YuanmingZhang65 / FastBiCmrMLM

A fast GWAS software for binary traits in case-control dataset
3 stars 0 forks source link

FastBiCmrMLM (Fast Binary-trait Compressed variance component multi-locus random-SNP-effect Mixed Logistic Model) is an R package designed for case-control genome-wide association study (GWAS), which consider additive and dominant effects and their polygenic backgrounds in a compressed variance component mixed logistic model.

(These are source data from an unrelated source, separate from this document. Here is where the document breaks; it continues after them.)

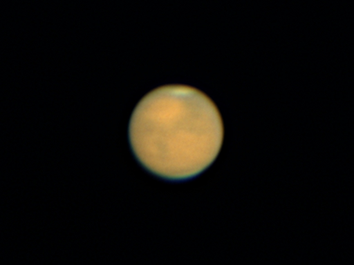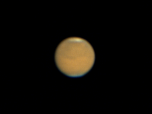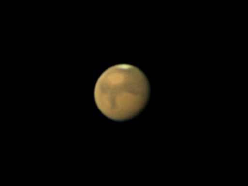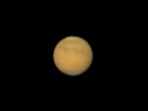 この日は雲が多くシーイングも良く有りませんでしたが、ラストチャンスと思い撮影してみました。南極冠と大シルチスが見えています。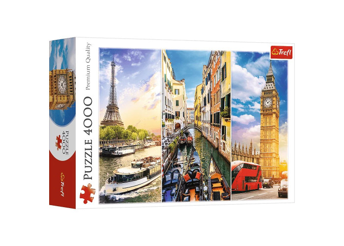 "Прогулянка Європою" - це пазл з 4000 елементів, на якому зображено колаж із видами європейських міст - Парижа, Венеції та Лондона. Після аранжування вийде вражаючий плакат розміром 136х96 см.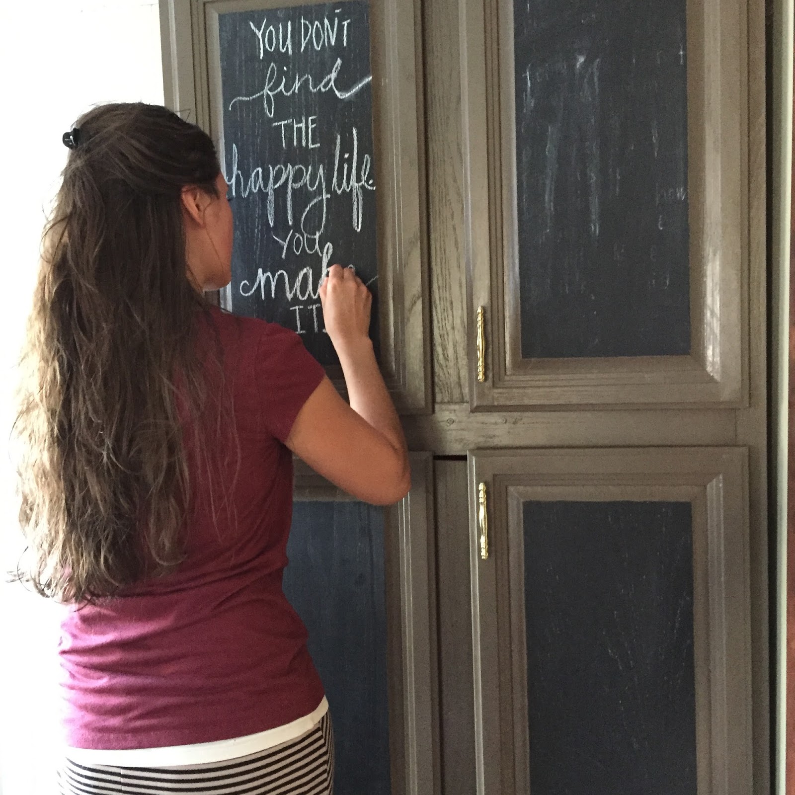 Allison scripting quotes and verses on my aunt’s cupboards.

The current version, FastBiCmrMLM v0.0.1, features four algorithms: 1) FastBiCmrMLM: Primary algorithm for FastBiCmrMLM, which is used to analyze small samples with the number of individuals less than 1,000. 2) FastBiCmrMLM-Time: A fast version of FastBiCmrMLM, which is used to analyze the samples with the number of individuals from 1,000 to 20,000. FastBiCmrMLM-Time took about seven minutes for one disease of WTCCC1 datasets. 3) FastBiCmrMLM-RAM: Optimized for memory efficiency, which is used to save memory when sample size is large (≥ 20,000). In the analysis of biobank-scale simulation datasets (500,000 individuals and one million SNP markers), FastBiCmrMLM-RAM took about 13.5 hours on the server with 10 CPUs and the memory usage of 141 Gb for one sample. 4) FastBiCmrMLM-Hap: Haplotypes for each bin are constructed by adjacent linkage disequilibrium markers and used to associate the trait of interest using FastBiCmrMLM.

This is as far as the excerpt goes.